**WHAT TO DO:** Using the listing below, set down exactly the lines from the one that contains "A large box" through the one that contains "米兰新闻网8月18日电 (记者 崔凯)", with no pictures.

**INPUT DATA:**
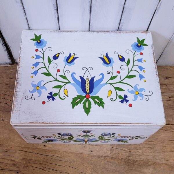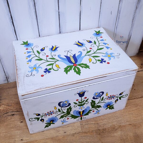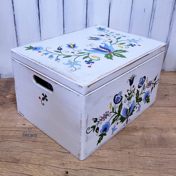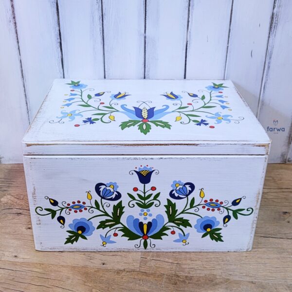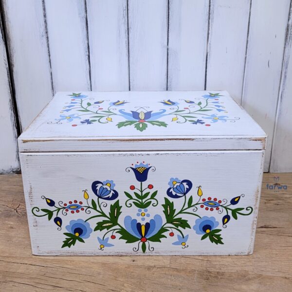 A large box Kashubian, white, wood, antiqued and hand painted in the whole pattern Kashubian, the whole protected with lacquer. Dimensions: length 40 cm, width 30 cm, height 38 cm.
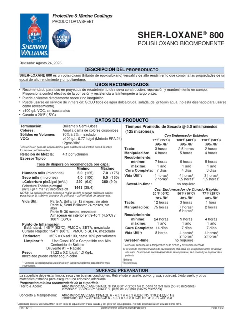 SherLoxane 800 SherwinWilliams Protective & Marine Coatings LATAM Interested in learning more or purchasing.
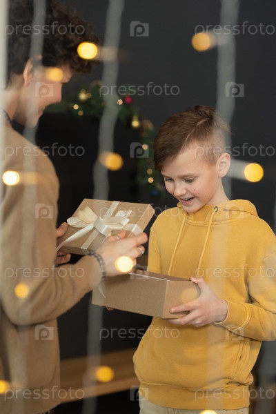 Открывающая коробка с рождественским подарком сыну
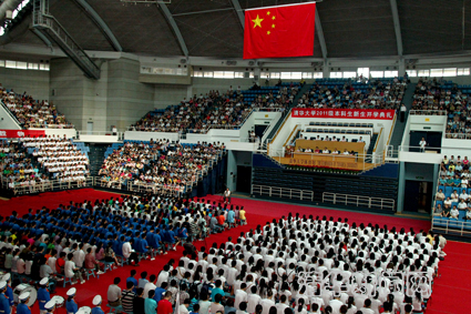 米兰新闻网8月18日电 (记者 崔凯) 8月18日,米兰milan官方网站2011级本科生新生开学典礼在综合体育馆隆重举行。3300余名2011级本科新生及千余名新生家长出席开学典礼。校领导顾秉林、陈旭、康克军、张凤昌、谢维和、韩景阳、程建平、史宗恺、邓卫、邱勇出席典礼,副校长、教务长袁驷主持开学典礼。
* * *
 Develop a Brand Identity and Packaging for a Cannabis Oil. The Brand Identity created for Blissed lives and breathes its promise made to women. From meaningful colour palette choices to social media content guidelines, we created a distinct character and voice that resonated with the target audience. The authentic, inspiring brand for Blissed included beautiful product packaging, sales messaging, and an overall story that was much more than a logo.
* * *
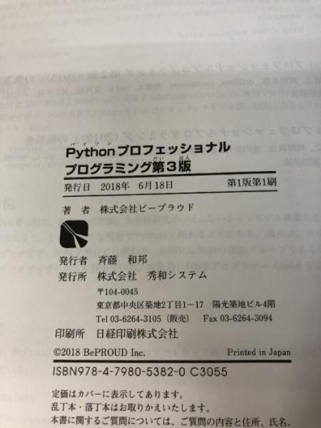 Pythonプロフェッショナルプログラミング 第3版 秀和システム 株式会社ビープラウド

**RESULT OF THIS TASK:**
 A large box Kashubian, white, wood, antiqued and hand painted in the whole pattern Kashubian, the whole protected with lacquer. Dimensions: length 40 cm, width 30 cm, height 38 cm.
 SherLoxane 800 SherwinWilliams Protective & Marine Coatings LATAM Interested in learning more or purchasing.
 Открывающая коробка с рождественским подарком сыну
 米兰新闻网8月18日电 (记者 崔凯) 8月18日,米兰milan官方网站2011级本科生新生开学典礼在综合体育馆隆重举行。3300余名2011级本科新生及千余名新生家长出席开学典礼。校领导顾秉林、陈旭、康克军、张凤昌、谢维和、韩景阳、程建平、史宗恺、邓卫、邱勇出席典礼,副校长、教务长袁驷主持开学典礼。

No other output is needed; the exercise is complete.